There’s a thread from a few weeks ago, round about 18 April, when I asked a 
similar question because I’ve been doing something similar. 

What works quite well was suggested by Godfrey. In Lightroom use the white 
balance eye-dropper to select the space between the negatives as the reference 
white to remove the cast, then invert the colours by dragging the ends of the 
curves to the top and bottom respectively.

This gives you quick results like this, which is good enough for my purposes in 
letting me see what I have so I can either throw it away or keep and scan 
individual frames.

https://adobe.ly/3cOnqTe

I’m using an old Leica copy stand at the A4 setting with a 50mm lens. I intend 
to get something similar which does individual frames.
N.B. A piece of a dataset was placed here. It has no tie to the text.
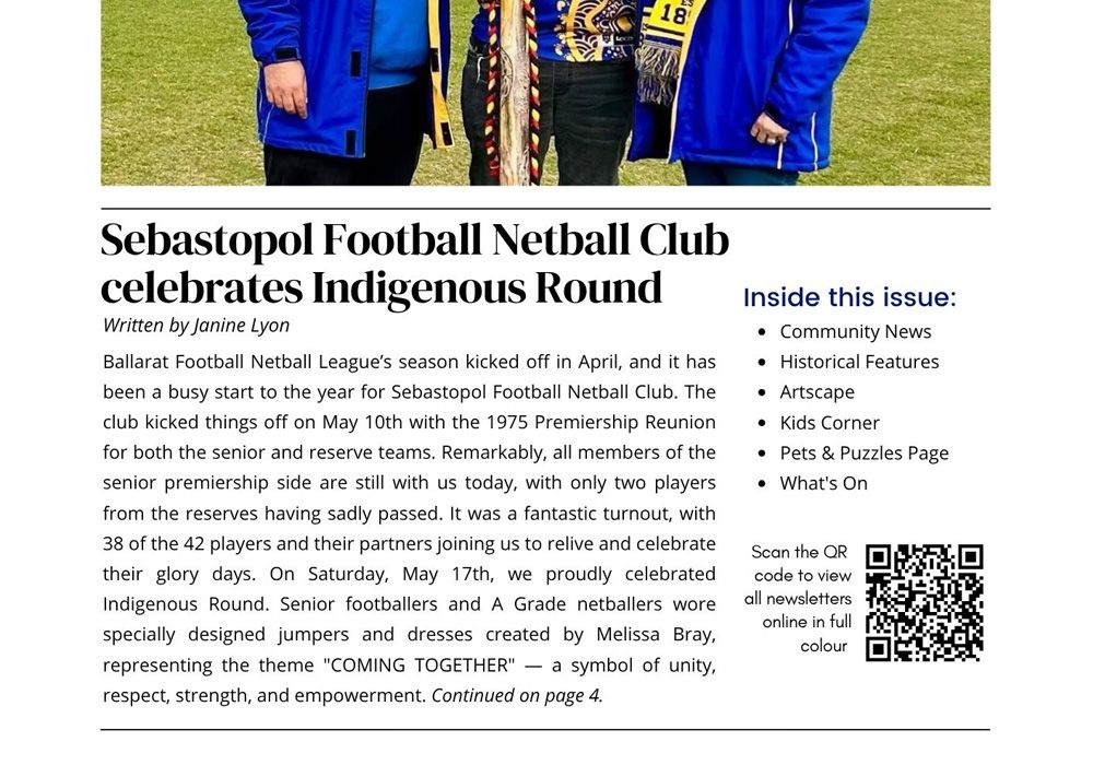 At the recent Community Newspaper Association of Victoria (CNAV) Annual Conference and Awards, Connecting Sebastopol Community News was awarded ‘Best Sports Reporting’ for an article from the Sebastopol Football Netball Club in our June issue. Written by and photos supplied by Janine Lyon from the club, the judges' comments are below and the winning article is attached.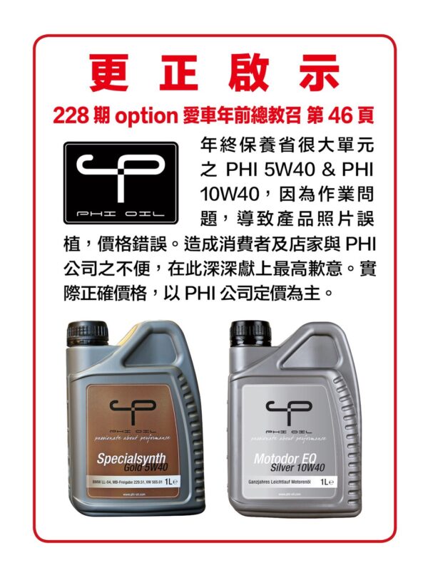 年終保養省很大單元之PHI 5W40 & PHI 10W40,因為作業問題,導致產品照片誤植,價格錯誤。造成消費者及店家與PHI公司之不便,在此深深獻上最高歉意。實際正確價格,以PHI公司定價為主。 -

> On 19 May 2020, at 03:18, Rick Womer <[email protected]> wrote:
> 
> Ah, but that assumes a film scanner. I’ve been putting slides on a light box 
> and shooting them with my K-5 (on a tripod) and a macro lens.
> 
> So, I need a software solution that runs on a Mac. Any ideas?
> 
> 
> 
>>> On May 18, 2020, at 10:14 PM, Mark Roberts <[email protected]> 
>>> wrote:
>>> 
>>> Rick Womer wrote:
>>> 
>>> I’ve been going through lots of family photos the last few days for an 
>>> upcoming event.
>>> 
>>> Most of the shots were slides, but a substantial number were prints. For 
>>> many of those, the prints are lost but the negatives remain.
>>> 
>>> Is there a way, without huge investment, to turn scanned color negatives 
>>> into positives?
>> 
>> All film scanners I know of have software that does the necessary
>> inversion and color mask removal.